> Data for the task

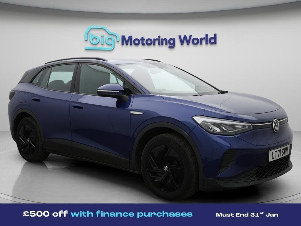£500 towards your finance depo-Our Volkswagen ID.4 comes with optional extras worth £635. Specification includes a range of fantastic features including £500 towards your finance deposit, Part Leather Seats, Apple CarPlay, Lane Assist, Android Auto, Satellite Navigation, Heated Seats, Heated Steering Wheel, Bluetooth, Parking Sensors Specification information is supplied by CAPHPI and may vary to the actual car. This data does not form any part of a buying contact. Please check specification prior to purchase in-store. The MOT is valid until February 2027, visit bigmotoringworld.co.uk for more photos, a 360 tour, service history and a free HPI report.Were BIG on peace of mind and this Blue Volkswagen ID.4 has completed our comprehensive 200 point inspection and passed all checks. Its ready for you to drive away with immediate collection in-store. We include a 90-day warranty as standard plus an option to extend for up to 3 years.Reserve this car exclusively for you, safely and securely at bigmotoringworld.co.uk, with a fully refundable £99 deposit. Test drive before you buy, with no commitment, no hassle and a completely haggle free experience. Still searching and want to see thousands more cars? We are BIG on choice with over 8000 cars to choose from.Visit our award winning web site bigmotoringworld.co.uk.Were Big Motoring World and were BIG on what matters to you.
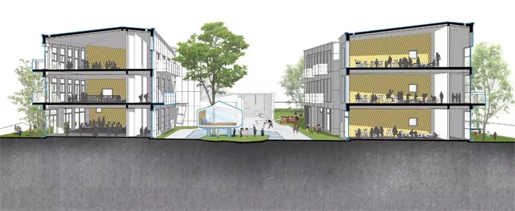 利用自然来解决后场的高差,这与传统的“平整地面,过度保护”的方式截然相反。奔跑、攀爬、躲藏,儿童的乐园不是限定他们的行为,而是释放他们的天性。通过折板曲折的跑道,我们希望通过立体化的设计,增加小孩子的运动量,环通的跑道就能让孩子们连续不断的跑起来。利用折板跑道的高差,我们将开放式教室设置于此,用来满足教学功能的多样性,也是“寓教于乐”的一种方式。
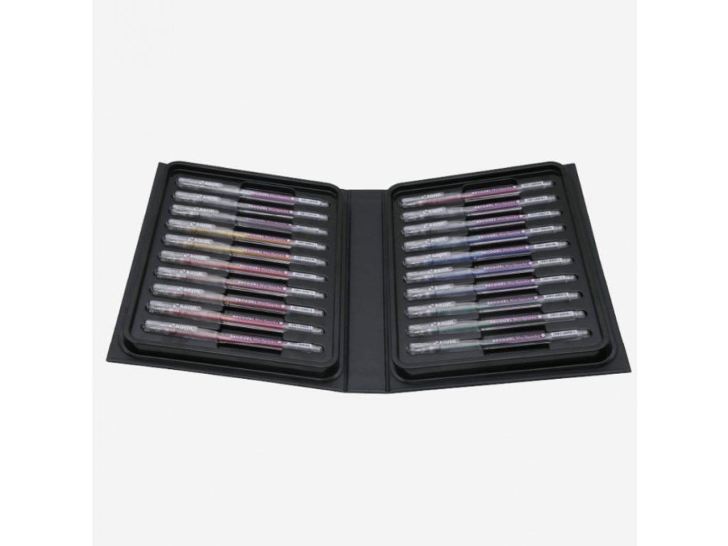 Gelová pera KARIN Déco Gel Star Sparks jsou navržena pro všechny, kteří milují kreativní projekty, zdobení a kaligrafii. Tato sada obsahuje 20 různých barev, které přinášejí intenzivní a zářivé odstíny, ideální pro přidání živých akcentů do vašich uměleckých děl. S plynulým tokem gelového inkoustu a precizním hrotem tato pera umožňují hladké a rovnoměrné psaní i zdobení na různých površích.
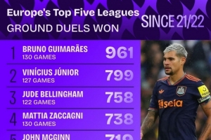 體育資訊9月11日訊 Squawka統(tǒng)計(jì)了2021-2022賽季以來(lái)球員在五大聯(lián)賽地面對(duì)抗成功的次數(shù),并列出榜單,吉馬良斯961次居首,維尼修斯、貝林厄姆二三位。
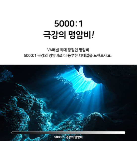 캘리브레이션은 디스플레이의 색을 미세하게 조정하는 작업으로 보다 풍부하고 원본에 가까운 색감을 표현하며, VA 패널의 최대 장점인 5000:1 최강의 명암비로 풍부한 디테일을 느낄 수 있다고 합니다.
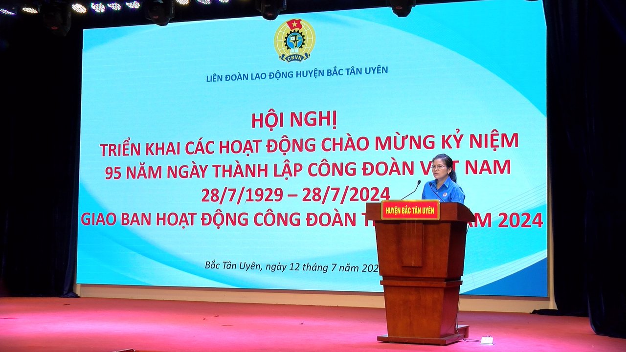 Sáng 12/7, Liên đoàn Lao động huyện Bắc Tân Uyên tổ chức Hội nghị giao ban nhằm đánh giá tình hình, kết quả hoạt động công đoàn trong tháng 7 và triển khai nhiệm vụ trọng tâm tháng 8 năm 2024, đồng thời triển khai các hoạt động chào mừng kỷ niệm 95 năm Ngày thành lập Công đoàn Việt Nam (28/7/1929 - 28/7/2024). Dự hội nghị có bà Nguyễn Thị Kim Cúc - Phó Chủ tịch LĐLĐ huyện cùng Thường trực LĐLĐ huyện và đại diện các CĐCS trực thuộc.

> Task requirements
All the records need to be repeated exactly, with the images dropped.

> Reply to the task
£500 towards your finance depo-Our Volkswagen ID.4 comes with optional extras worth £635. Specification includes a range of fantastic features including £500 towards your finance deposit, Part Leather Seats, Apple CarPlay, Lane Assist, Android Auto, Satellite Navigation, Heated Seats, Heated Steering Wheel, Bluetooth, Parking Sensors Specification information is supplied by CAPHPI and may vary to the actual car. This data does not form any part of a buying contact. Please check specification prior to purchase in-store. The MOT is valid until February 2027, visit bigmotoringworld.co.uk for more photos, a 360 tour, service history and a free HPI report.Were BIG on peace of mind and this Blue Volkswagen ID.4 has completed our comprehensive 200 point inspection and passed all checks. Its ready for you to drive away with immediate collection in-store. We include a 90-day warranty as standard plus an option to extend for up to 3 years.Reserve this car exclusively for you, safely and securely at bigmotoringworld.co.uk, with a fully refundable £99 deposit. Test drive before you buy, with no commitment, no hassle and a completely haggle free experience. Still searching and want to see thousands more cars? We are BIG on choice with over 8000 cars to choose from.Visit our award winning web site bigmotoringworld.co.uk.Were Big Motoring World and were BIG on what matters to you.
 利用自然来解决后场的高差,这与传统的“平整地面,过度保护”的方式截然相反。奔跑、攀爬、躲藏,儿童的乐园不是限定他们的行为,而是释放他们的天性。通过折板曲折的跑道,我们希望通过立体化的设计,增加小孩子的运动量,环通的跑道就能让孩子们连续不断的跑起来。利用折板跑道的高差,我们将开放式教室设置于此,用来满足教学功能的多样性,也是“寓教于乐”的一种方式。
 Gelová pera KARIN Déco Gel Star Sparks jsou navržena pro všechny, kteří milují kreativní projekty, zdobení a kaligrafii. Tato sada obsahuje 20 různých barev, které přinášejí intenzivní a zářivé odstíny, ideální pro přidání živých akcentů do vašich uměleckých děl. S plynulým tokem gelového inkoustu a precizním hrotem tato pera umožňují hladké a rovnoměrné psaní i zdobení na různých površích.
 體育資訊9月11日訊 Squawka統(tǒng)計(jì)了2021-2022賽季以來(lái)球員在五大聯(lián)賽地面對(duì)抗成功的次數(shù),并列出榜單,吉馬良斯961次居首,維尼修斯、貝林厄姆二三位。
 캘리브레이션은 디스플레이의 색을 미세하게 조정하는 작업으로 보다 풍부하고 원본에 가까운 색감을 표현하며, VA 패널의 최대 장점인 5000:1 최강의 명암비로 풍부한 디테일을 느낄 수 있다고 합니다.
 Sáng 12/7, Liên đoàn Lao động huyện Bắc Tân Uyên tổ chức Hội nghị giao ban nhằm đánh giá tình hình, kết quả hoạt động công đoàn trong tháng 7 và triển khai nhiệm vụ trọng tâm tháng 8 năm 2024, đồng thời triển khai các hoạt động chào mừng kỷ niệm 95 năm Ngày thành lập Công đoàn Việt Nam (28/7/1929 - 28/7/2024). Dự hội nghị có bà Nguyễn Thị Kim Cúc - Phó Chủ tịch LĐLĐ huyện cùng Thường trực LĐLĐ huyện và đại diện các CĐCS trực thuộc.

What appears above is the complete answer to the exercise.